Returning the View
Photographic Project / Installative Work (2021–2022)
Photography, Concept, and StagingThis work is more than photography; it is a performative gesture, an exploration of the fragility of images, and a meditation on whether a landscape can recognize itself. The project exists in the tension between documentation and staging, control and chance, original and reproduction. Can an image return to what it once was? Or does it become something entirely new the moment it is reintroduced to its origin?




An image returns to the place of its creation. But what happens then? On the Greek island of Tinos, where the wind constantly reshapes the landscape, I brought photographs back to the very places where they were originally taken—to photograph them again.

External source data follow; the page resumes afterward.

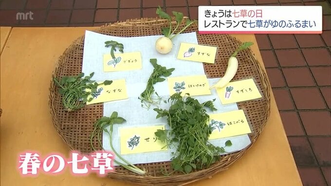 1月7日は、七草の日です。宮崎市のレストランでは七草がゆがふるまわれました。(三浦功将記者)「今年一年の無病息災を願って、多くの市民が今年も七草がゆを求めて集まっています」椎葉村で採れたセリやナズナ、…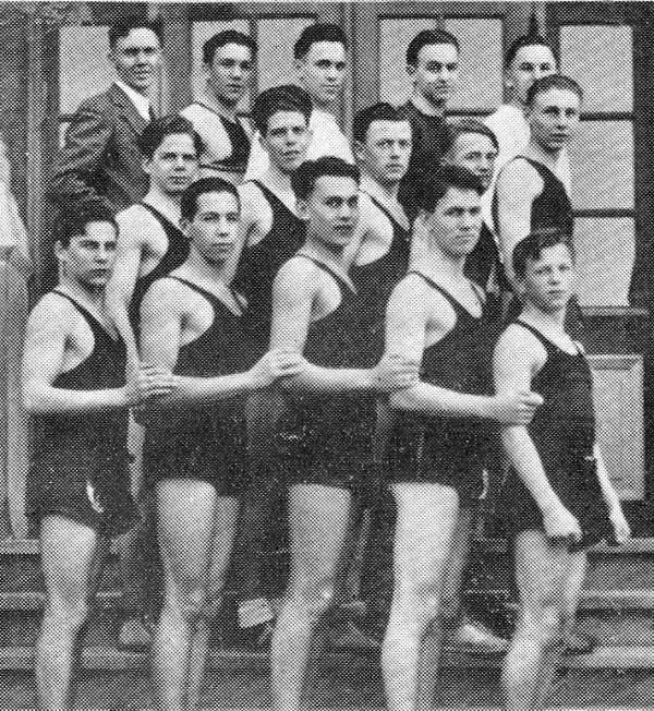 Left to Right First Row: Johnnie Henderson, Jack McShane, Kenny Lowes, Courtney Britton, Gordon Dowding. Second Row: Harry Smith, Herbert Kelly, Morris Roy, Joe Carlin, Roger Roberts. Third Row: Alec. Clarke, Ben Burgoyne, Paul Derrick , Lester Oakley. Fourth Row: Mr. Morse, Mr. Kay, Mr. Gurney.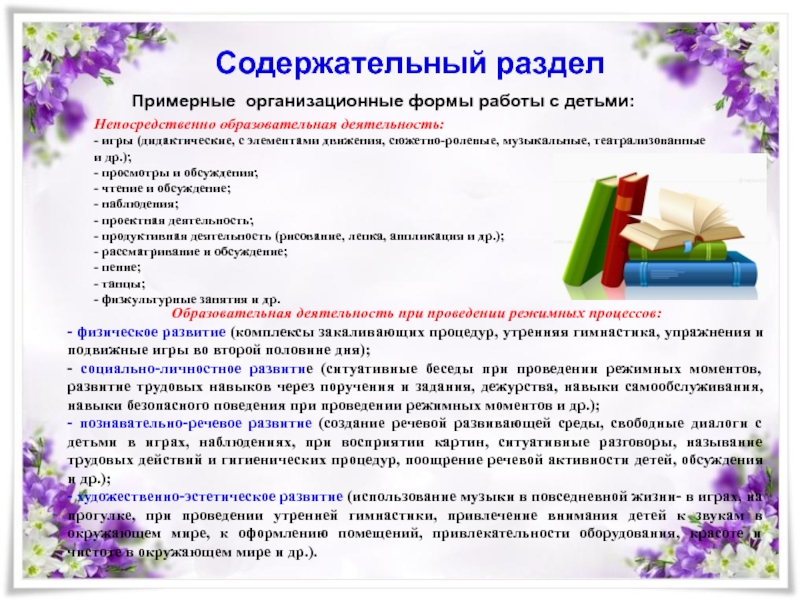 2.2. Описание вариативных форм, способов, методов и средств реализации Программы: особенности образовательной деятельности разных видов и культурных практик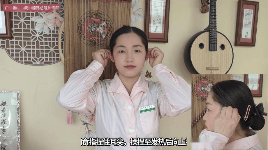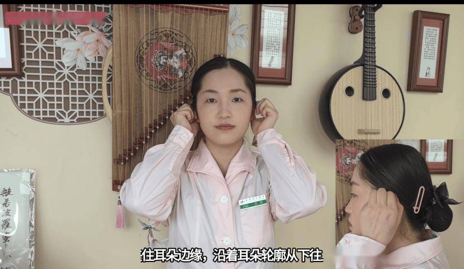 第二节:摩耳轮拇,食指夹住耳朵边缘,沿着耳朵轮廓从下往上揉捏20次,可改善颈椎、腰椎等问题,起健脑明目、补肾聪耳、强身健体等功效。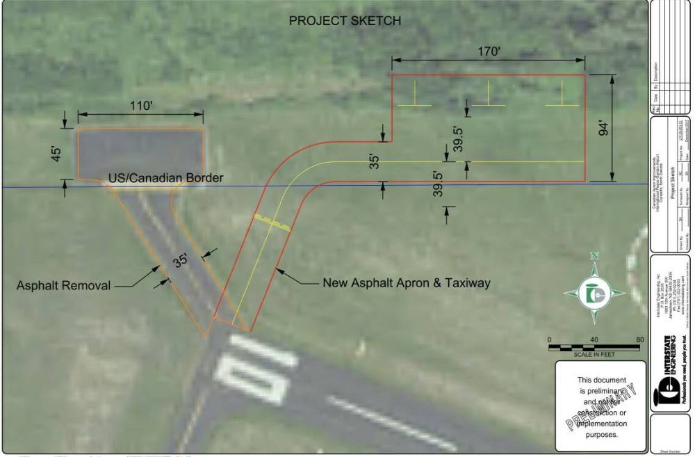 Looking for ways to keep the airport connection going, North Dakota had engineers sketch a new design that would pay American dollars for a new taxiway. All that would be needed is Canadian authorities to commit to move the Canadian tarmac roughly 300 feet to the east, and connect to the taxiway at the new location.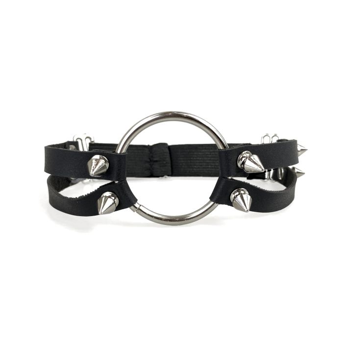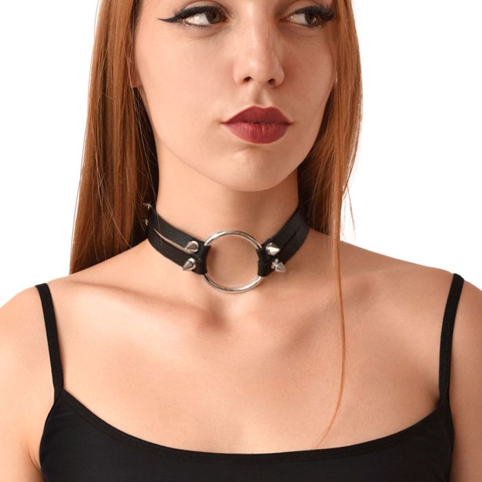 Чокер із металевим кільцем та шипами з натуральної шкіри Art of Sex — Ruby, колір чорний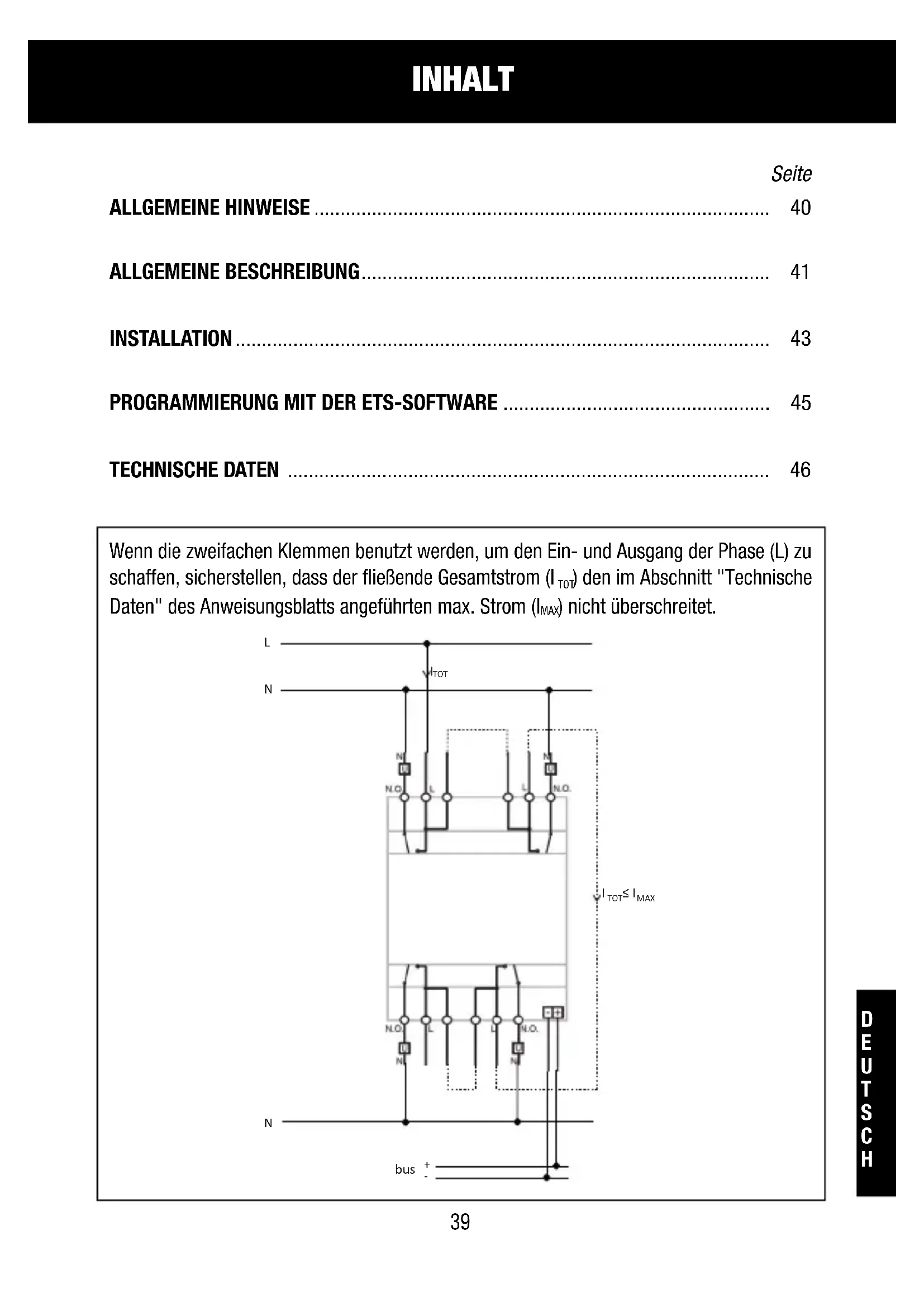 Wenn die zweifachen Klemmen benutzt werden, um den Ein- und Ausgang der Phase (L) zu schaffen, sicherstellen, dass der fließende Gesamtstrom ( I_TOT ) den im Abschnitt "Technische Daten" des Anweisungsblatts angeführten max. Strom ( I_MAX ) nicht überschreitet.

A double reflection, a kind of visual déjà-vu. But the landscape did not remain passive. The wind tugged at the prints, light and shadow shifted the composition, and the paper began to suffer. The image collided with its own reality. It was as if the landscape itself protested against this artificial return—as if it refused to sit still for its own portrait.




The images engage with a central question of contemporary visual culture: In a world where photographs are infinitely replicated and circulated, what does it mean to return an image to physical presence? Reintroducing these photographs into the landscape is a reversal of the photographic act—not capturing a moment, but deliberately exposing images to an environment that alters them.
Returning the View is a reflection on the nature of the image itself—on its materiality, its impermanence, and what remains when representation and reality confront each other.